WILMINGTON - The Twin Valley High School Class of 2014 invited three guest speakers to talk at Saturday's graduation ceremony, and each one reminded the class that life's most important lessons often happen outside of the classroom.

Guest speakers William Anton, Linda Hughes and Philip Moriarty, all former Twin Valley High School teachers and administrators, said that whatever waits beyond high school, it was important to grow as a human in society.

"Do your part," Moriarty told the class. "You are shortly going to belong to a group that has graduated from this building. Each member of that group did their part, just as you have. You showed up. You did your work. You got your diploma. You did your part, but it's just a start."

Moriarty talked about the hundreds of people who have graduated from Twin Valley through the years.

He talked about those who have gone on to be teachers, volunteer firefighters, members of the military and business people.

Each, Moriarty said, has played a role in their communities and he encouraged each graduate, as they move beyond Twin Valley, to discover what it is they must do.

"Stand on their shoulders," he said. "You can see farther, and more clearly because of them."

Twin Valley High School graduated 37 seniors at a commencement ceremony Saturday.

Anton, a former assistant principal, told the students how important it is to be kind as they move beyond Twin Valley.

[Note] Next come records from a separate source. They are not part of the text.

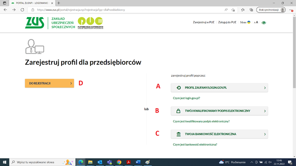 D: samodzielnej rejestracji – dla osób nieposiadających kwalifikowanego podpisu elektronicznego, profilu zaufanego, e-dowodu ani dostępu do systemu bankowości elektronicznej w banku, który podpisał umowę z ZUS. W tym przypadku wybieramy przycisk [DO REJESTRACJI].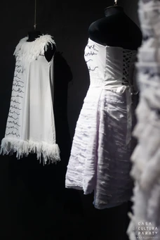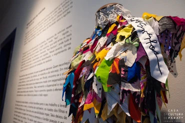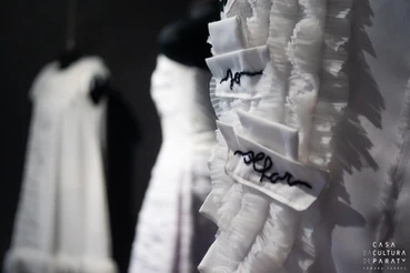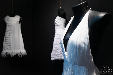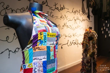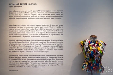Um vestido-poema nasce da escolha e união cuidadosa dos retalhos, modelados na costura. Por fim, as palavras surgem devagar, passando da cabeça do bordador para a agulha.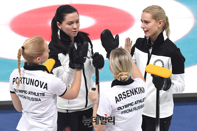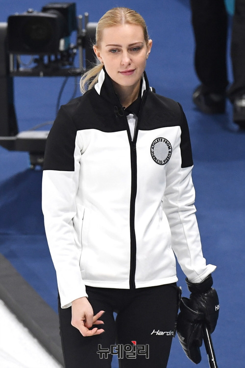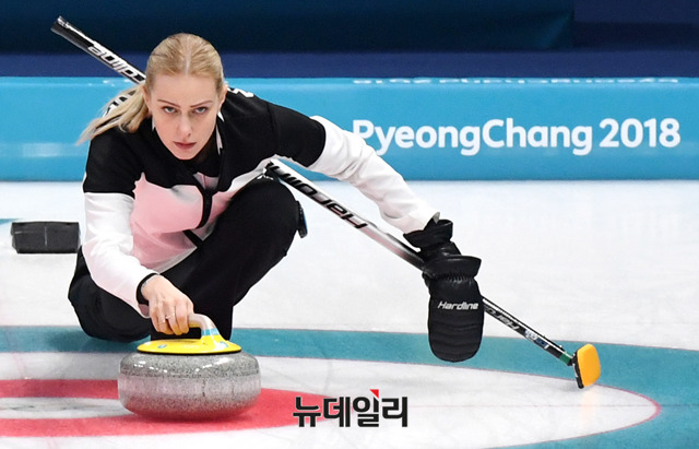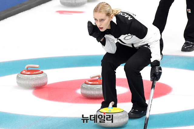 러시아 출신 올림픽 선수 '빅토리아 모이세바'가 21일 오전 강원 강릉컬링센터에서 열린 2018 평창동계올림픽 여자 컬링 예선 한국과 예선전에 출전해 투구하고 있다. (사진=2018평창사진공동취재단)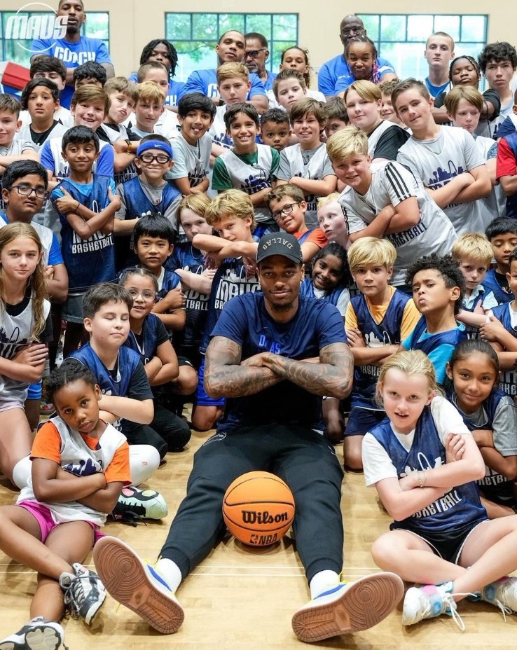 在一张合影中,PJ-华盛顿与小学员们一起摆出抱臂的动作。这一动作曾在季后赛火出圈。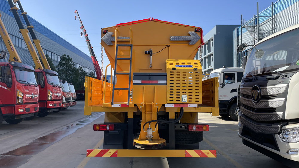 • 融雪撒布機可撒布鹽、砂、融雪劑等多種融雪物料,撒布寬度和撒布量可調節控制,計量穩定、準確、可靠,撒布寬度一般為 2-14m,撒布量為 20-300g/m² 可調 。撒布機采用碳鋼板或不銹鋼結構,具有良好的耐腐蝕性,動力組選用國內知名品牌發動機,性能穩定。其采用 V 型料倉,結構簡單可靠,使融雪劑自動落料,出料完全,無殘留,并且上置過濾網可減少大顆?;螂s物進入設備,保證機構安全運行,防滑輸送帶則保證了融雪劑輸送連續、均勻.
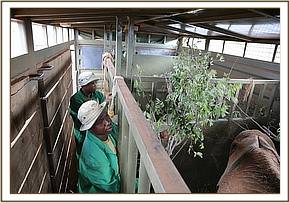 Orwa and Naipoki were first to greet Tano as she finished her milk and stared bewilderedly around the stockades she once called home. Once she balanced herself she immediately took off, knowing her surroundings intimately, heading through the compound and out towards the Parks forest eagerly followed by Orwa and the rest of the older orphans. Once in the familiar setting of the forest she began browsing on the lush vegetation available, whilst the other orphans smelled and touched her, following her everywhere. Having been in Ithumba for a few weeks Tano had already changed colour and was dramatically grey against the earthy red colour of the Nairobi orphans, standing out as having been in the wild and having many stories to tell her younger family in the coming days. As well as having a more temperate climate, the Nairobi stockades are better equipped to offer Tano the medical attention and care she needs. With the DSWTs new veterinary equipment, the Trust is now also capable of regularly checking Tanos health whilst investigating the cause of her medical issues.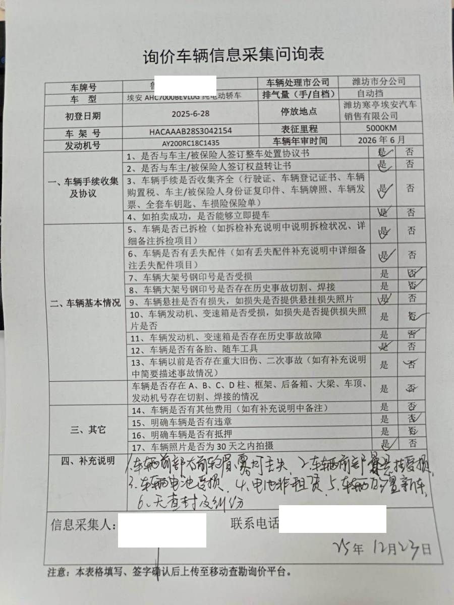 1.车辆前部右前轮眉雾灯丢失2.车辆悬挂受损,3.车辆电池受损4.车辆电池非租赁5.车辆购置新车6.无查封及纠纷
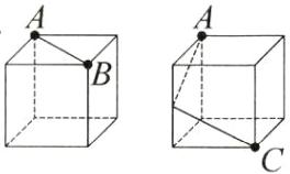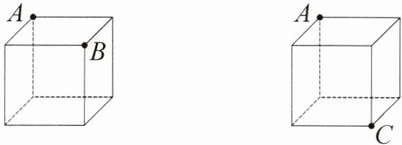 [解析]因为两点间所有连线中线段最短,所以连接点A与点B就能得到A、B之间最短的路线;因为点A与点C不在盒子的同一个面上,所以可以先把盒子的两个面展开(如图),再连接A、C两点就能得到A、C 之间最短的路线,展开的两个面不同,得到的路线也不同。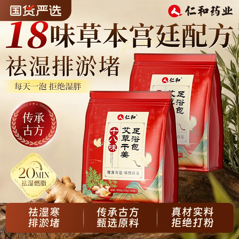 南京同仁堂泡脚药包艾草叶去湿气非排毒助睡眠驱寒椒生姜足浴调理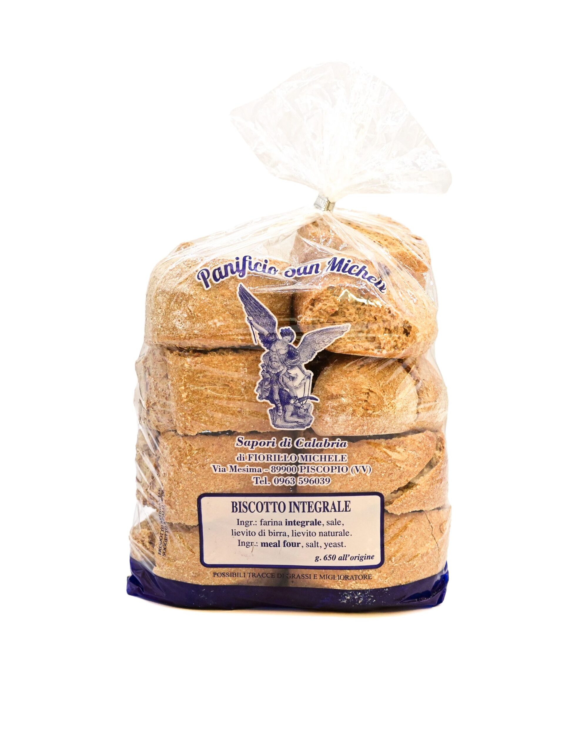 Ingredienti: farina integrale, acqua, lievito di birra, lievito naturale, sale.

He said he wanted to encourage the group to produce and not only consume, and to use their talents to create.

But he said above all else, he wanted the class to remember how important it is to be nice.

"Nothing else matters more," Anton said. "Not competence. Not your parents' contacts. Not the school you graduated from. When you meet another person they don't care where you're from. They don't care who your parents are, or whether you scored in the final game, or what you got on the final in English Four. They simply care that you are kind."

Hughes said the graduates who have worked so hard to arrive at commencement are now spreading out in all directions and she likened their lives to shards of glass in a kaleidoscope.

"Take the initiative to sustain beauty in your lives," said Hughes. "When challenges and joys come to you, hold them up to the light. And look inside. Marvel at what you see and what you can make of it."

Abigail Putnam, the class co-salutatorian, who spoke before all of the guest speakers, foreshadowed many of their themes, telling her classmates that what they learn inside and outside of the classroom will help form who they will become.

"As we leave this campus and move on to the next chapter of our lives we'll carry with us not only the book learning but also the life lessons you've taught us," she told her teachers. "We have all overcome many obstacles and challenges to get where are today. But look, we've made it. Today as we close the door on one chapter of our lives, and prepare for the next, I encourage you all to continue to challenge yourselves. Our lives are not defined by the challenges we face but rather by the way we overcome them."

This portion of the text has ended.